Data excerpts:
-----
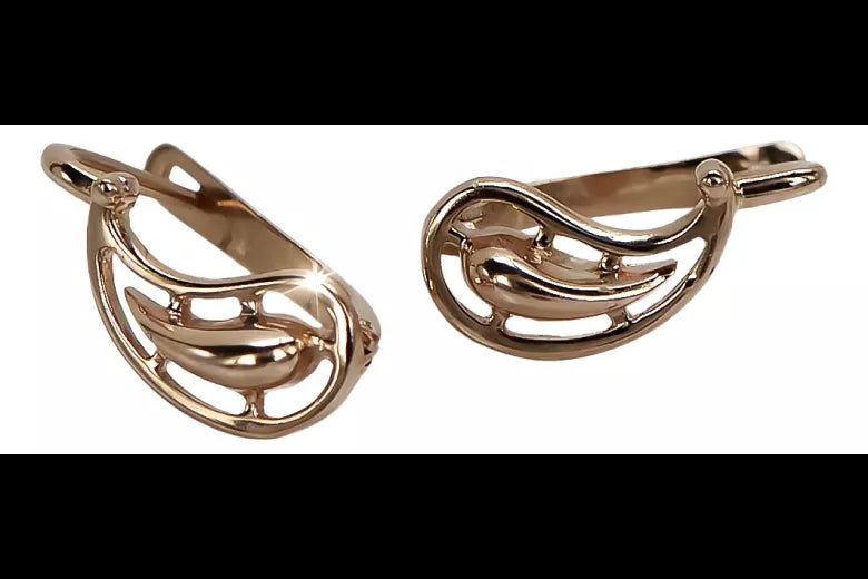 Vintage rose pink 14k 585 gold Vintage leaf earrings ven018
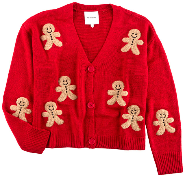 Sweeten up your holiday style with this juniors button-down cardigan featuring a playful gingerbread man design. Cozy and festive, its perfect for layering over your favorite looks all season long. Fabrication 100% acrylic
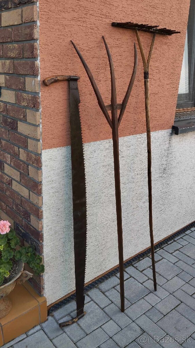 Predám staré vidiecke / farmárske náradie viď. foto vhodné ako dekorácia na chatu / chalupu - píla, vidle, hrable.
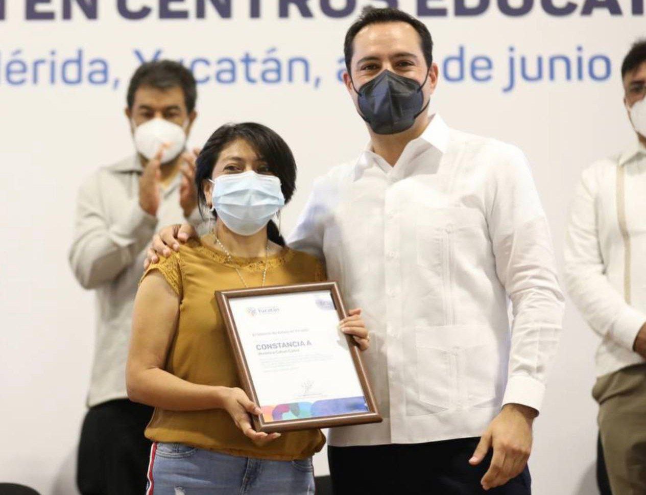 Compartir -Un total de 399 trabajadoras y trabajadores con hasta 12 años de antigüedad recibió sus bases, como reconocimiento a su esfuerzo y compromiso. -Ofreciendo justicia laboral al personal que por tantos años ha esperado esta oportunidad, Vila Dosal les entregó sus órdenes de adscripción y formatos únicos. Mérida, Yucatán, 27 de junio de 2022.- En un acto de justicia laboral, como reconocimiento al esfuerzo y la dedicación del personal de apoyo o asistencia a la educación, que por hasta 12 años, ha brindado sus servicios en planteles de nivel básico bajo contrato, el Gobernador Mauricio Vila Dosal entregó 399 plazas, con lo que se les brinda mayor certeza, estabilidad y mejores condiciones, a ellos y sus familias. Con el titular de la Secretaría de Educación del Estado (Segey), Liborio Vidal Aguilar, el Gobernador encabezó la distribución de órdenes de adscripción y formatos únicos, a 399 empleadas y empleados que realizan funciones administrativas o técnico-manuales, y han esperado este momento por tantos años. Ana Margarita Quintal Ortiz es una de las yucatecas que este día recibieron su plaza, después de arriba de 10 años de servicio; muy emocionada, agradeció al Gobernador, pues lo consideraba justo y necesario, luego de que, todo ese tiempo, ha puesto mucho esfuerzo en los centros formativos donde ha laborado. La mujer, originaria de Muna, labora en el área de intendencia en una escuela de Corral, comisaría de Tzucacab, y cada fin de semana, debe viajar por 4 horas para regresar a su hogar; por ello, recibir su base representa una gran recompensa para todo el empeño que ha puesto, por más de una década. “No solo lo agradezco yo sino también mi familia, que también ha tenido que hacer sacrificios por mi trabajo; por eso, agradezco al Gobernador y el secretario de Educación, porque estas bases están llegando a las personas que de verdad lo merecen”, afirmó emocionada. Desde el Centro de Convenciones “Siglo XXI», Vila Dosal destacó los esfuerzos del personal del ramo, durante el año y 7 meses que operaron desde casa, y afirmó que Yucatán está saliendo adelante, gracias al trabajo en equipo de todos sus habitantes. Señaló igual que tener una base da tranquilidad y certidumbre, pero también es un compromiso, que llamó a las y los recipiendarios a asumir, por las nuevas generaciones y la entidad. “Les reconocemos y agradecemos su esfuerzo todos estos años, vamos a seguir trabajando y haciendo bien las cosas”, dijo. Ante líderes sindicales del sector, el Gobernador invitó a, juntos, continuar haciendo los cambios que sean necesarios para que podamos dejar un Yucatán mejor al que recibió su administración, por lo que externó que “el llamado es a seguir transformando el estado y redoblar esfuerzos en la coordinación”. Finalmente, indicó que, pese a que los yucatecos vivimos los 2 años más difíciles en nuestra historia, el territorio se está recuperando, lo que puede ser comprobado con los positivos indicadores en economía, seguridad y la llegada de cada vez más inversiones, que generan empleos para las familias locales. Vidal Aguilar destacó que esta entrega de plazas es un acto de justicia, pues beneficia a 399 personas que han mostrado, por años, su empeño y compromiso. Agregó que esta administración, desde el inicio, sobresale por ser transparente, innovadora y actuar de cara a la gente, sin miramientos ni excepciones, principios que la han hecho, junto con el estado, referente nacional de mejores prácticas. Como ha instruido el Gobernador, estamos privilegiando el esfuerzo y la dedicación por encima de los intereses políticos, porque estamos convencidos de que sólo con coordinación, voluntad y trabajo, podemos lograr una educación de calidad; la labor que ustedes realizan es indispensable para la juventud de nuestra tierra y, en el Gobierno del Estado, siempre encontrarán puertas abiertas, aseguró. Quienes recibieron sus bases acreditaron haber trabajado durante determinado número de años ininterrumpidos, bajo contrato activo, con el perfil requerido, y ahora ven mejorar sus condiciones laborales. Para ello, se consideró vacantes definitivas por jubilación, defunción, pensión o renuncias voluntarias; del total de plazas entregadas, 181 son estatales y 218, federales. Actualmente, existen 1,993 personas activas de contrato, de las cuales se benefició con este movimiento a 399, pertenecientes a 18 categorías: administrativo especializado, auxiliar de administrador, secretaria de apoyo, prefecto de apoyo, A y B foráneo, médico, oficial de servicios y mantenimiento, asistente de servicios en plantel, servicios y mantenimiento en plantel, asistente de cocinera, técnico medio, bibliotecario, enfermera especializada, puericultor, niñera especializada y trabajadora social. Estuvieron, por parte del Sindicato Nacional de Trabajadores de la Educación (SNTE), Francisco González Mena; los secretarios Generales de las Secciones 57, Alejandro Chulim Cimé, y 33, Ricardo Francisco Espinosa Magaña, así como los representantes de los Comités Ejecutivos Nacionales de la 57, Demetrio Rivas Corona, y la 33, José Guadalupe Castillo García. También, las y los secretarios Generales de los Sindicatos Yucateco de Trabajadores Transferidos de la Educación (Sytte), Yolanda del Socorro Góngora Sosa; de Trabajadores de la Educación de Yucatán (Setey), José Luis Flota Pech; Independiente de Trabajadores de la Educación en México (Sitem), Elvira Caamal Vázquez, y el Gremio Nacional de Trabajadores de la Educación (GNTE), Gabriela Moreno Islas. Navegación de entradas Yucatán inicia la vacunación contra el Coronavirus para niñas y niños de 5 a 11 años de edad Siete playas yucatecas reciben certificación Platino por segundo año consecutivo
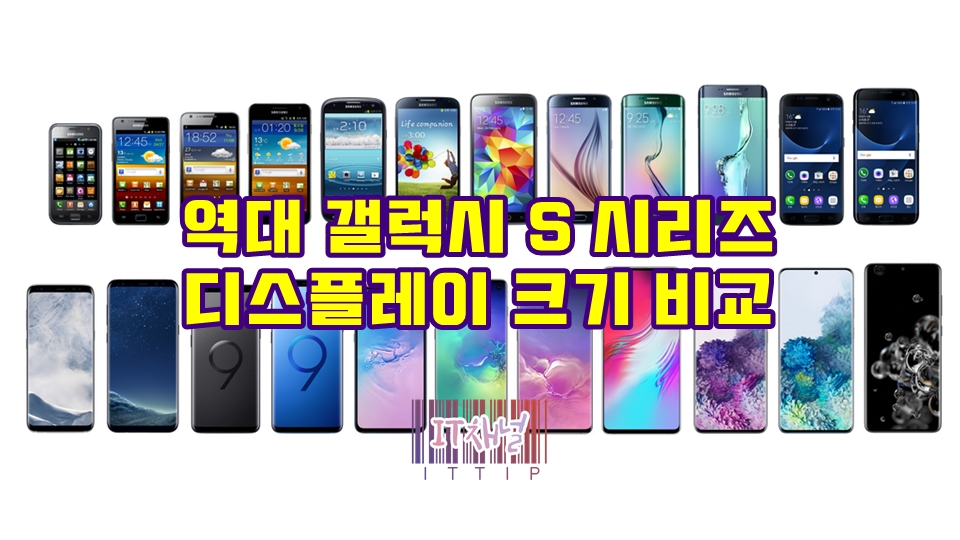 안녕하세요, 아이티채널입니다. 여러분들은 삼성하시면 떠오르는 스마트폰이 무엇인가요? 바로 갤럭시 S 시리즈겠죠. 갤럭시 S 시리즈는 지난 2010년을 시작으로 올해 2020년까지 총 11세대가 발표되었는데요, 세대가 거듭되면서 디스플레이 크기도 점점 커져왔죠. 그런데 얼마나 커졌을까요? 그래서 오늘은 한 번 여러분들과 함께 역대 갤럭시 S 시리즈의 디스플레이 크기를 비교해보는 시간을 가져보도록 하겠습니다. (e, +, 울트라 등은 제외하고 각 세대별 기본 단말기만을 모았습니다.) 함께 보시죠.
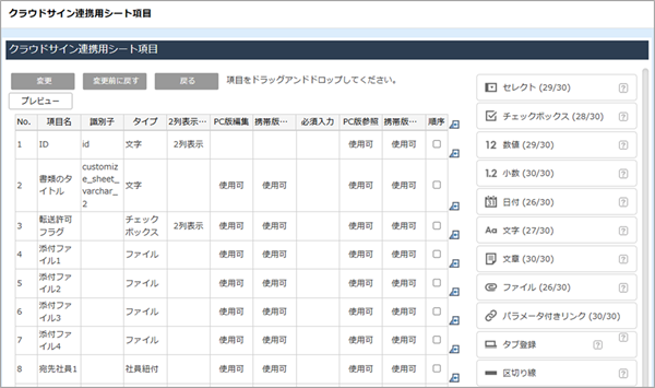 (例)クラウドサイン連携用シート - 任意の文字型項目を設定することでクラウドサインの任意項目と連携できます。
-----
Task brief: Start with the first line of the records above and end with the line containing "Predám staré vidiecke". Output those lines exactly, pictures excluded.

Exercise answer:
 Vintage rose pink 14k 585 gold Vintage leaf earrings ven018
 Sweeten up your holiday style with this juniors button-down cardigan featuring a playful gingerbread man design. Cozy and festive, its perfect for layering over your favorite looks all season long. Fabrication 100% acrylic
 Predám staré vidiecke / farmárske náradie viď. foto vhodné ako dekorácia na chatu / chalupu - píla, vidle, hrable.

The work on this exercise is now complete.